- Exercise directions
In the entries below, begin at the line with "Die mattschwarze Silikon-Handyhülle" and stop after the line with "新しい水玉模様の70の小さな"; output those lines exactly and omit the pictures.

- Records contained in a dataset
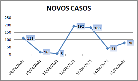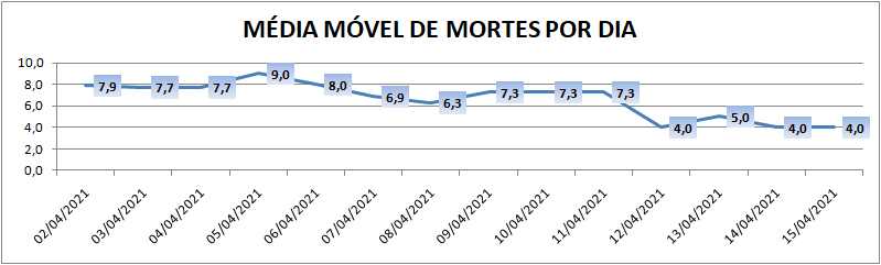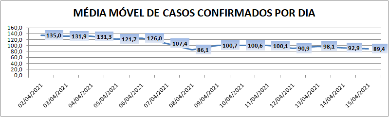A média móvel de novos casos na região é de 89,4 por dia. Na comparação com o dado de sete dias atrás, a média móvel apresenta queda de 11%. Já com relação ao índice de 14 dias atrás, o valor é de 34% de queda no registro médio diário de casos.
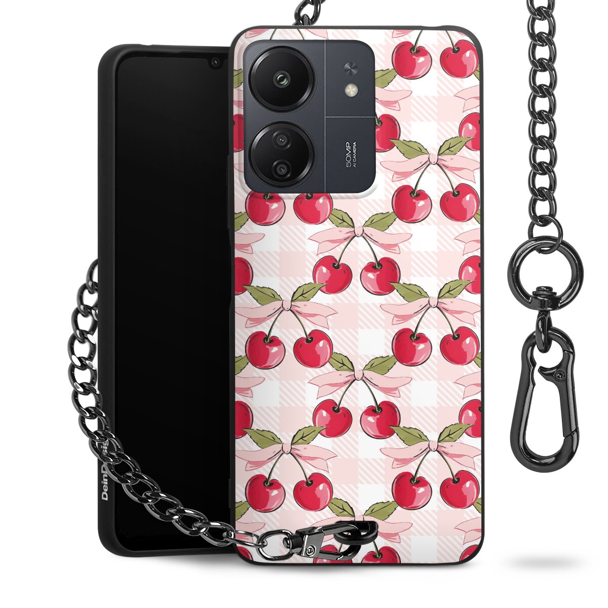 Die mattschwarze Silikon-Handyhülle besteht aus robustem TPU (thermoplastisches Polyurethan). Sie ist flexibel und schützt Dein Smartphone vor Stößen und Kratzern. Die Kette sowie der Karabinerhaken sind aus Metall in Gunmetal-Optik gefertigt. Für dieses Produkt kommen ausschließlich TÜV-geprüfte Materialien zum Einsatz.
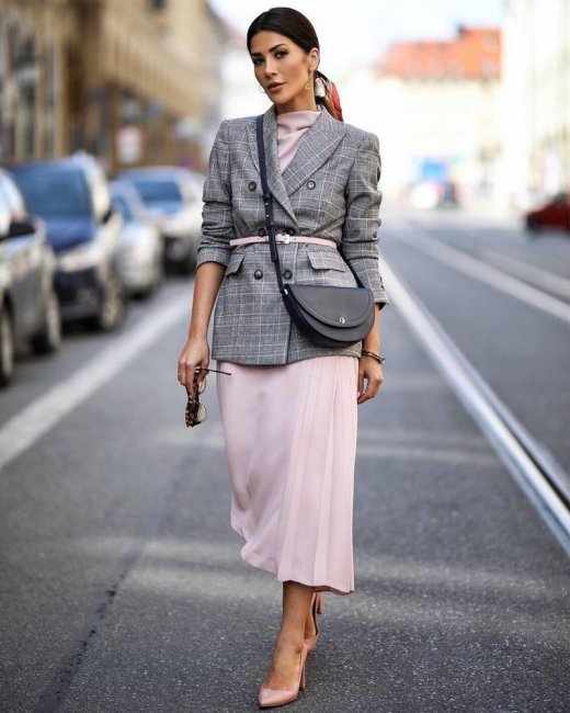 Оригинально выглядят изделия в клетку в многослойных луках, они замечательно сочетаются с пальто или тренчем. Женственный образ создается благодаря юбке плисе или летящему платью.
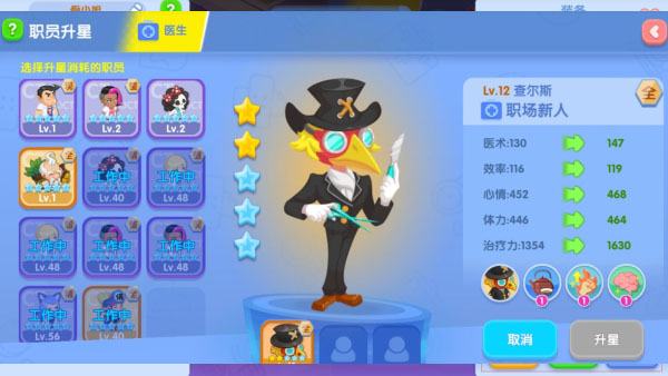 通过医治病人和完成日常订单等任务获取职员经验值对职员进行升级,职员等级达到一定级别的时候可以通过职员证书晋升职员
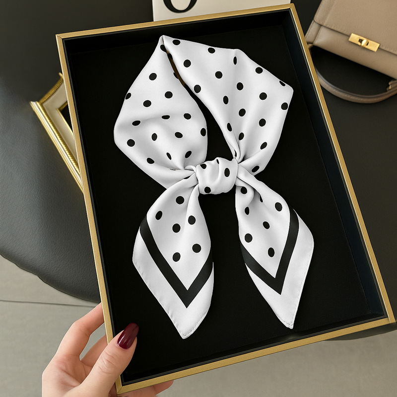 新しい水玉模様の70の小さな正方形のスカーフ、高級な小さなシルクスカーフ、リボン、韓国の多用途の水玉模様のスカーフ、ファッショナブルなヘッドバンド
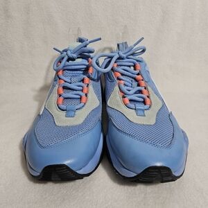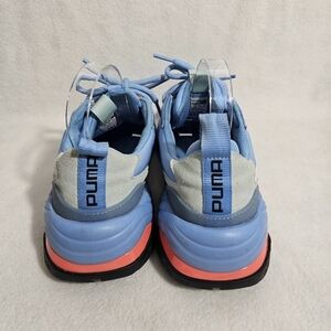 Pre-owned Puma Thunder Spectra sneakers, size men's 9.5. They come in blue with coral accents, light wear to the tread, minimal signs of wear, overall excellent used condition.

- Your solution
 Die mattschwarze Silikon-Handyhülle besteht aus robustem TPU (thermoplastisches Polyurethan). Sie ist flexibel und schützt Dein Smartphone vor Stößen und Kratzern. Die Kette sowie der Karabinerhaken sind aus Metall in Gunmetal-Optik gefertigt. Für dieses Produkt kommen ausschließlich TÜV-geprüfte Materialien zum Einsatz.
 Оригинально выглядят изделия в клетку в многослойных луках, они замечательно сочетаются с пальто или тренчем. Женственный образ создается благодаря юбке плисе или летящему платью.
 通过医治病人和完成日常订单等任务获取职员经验值对职员进行升级,职员等级达到一定级别的时候可以通过职员证书晋升职员
 新しい水玉模様の70の小さな正方形のスカーフ、高級な小さなシルクスカーフ、リボン、韓国の多用途の水玉模様のスカーフ、ファッショナブルなヘッドバンド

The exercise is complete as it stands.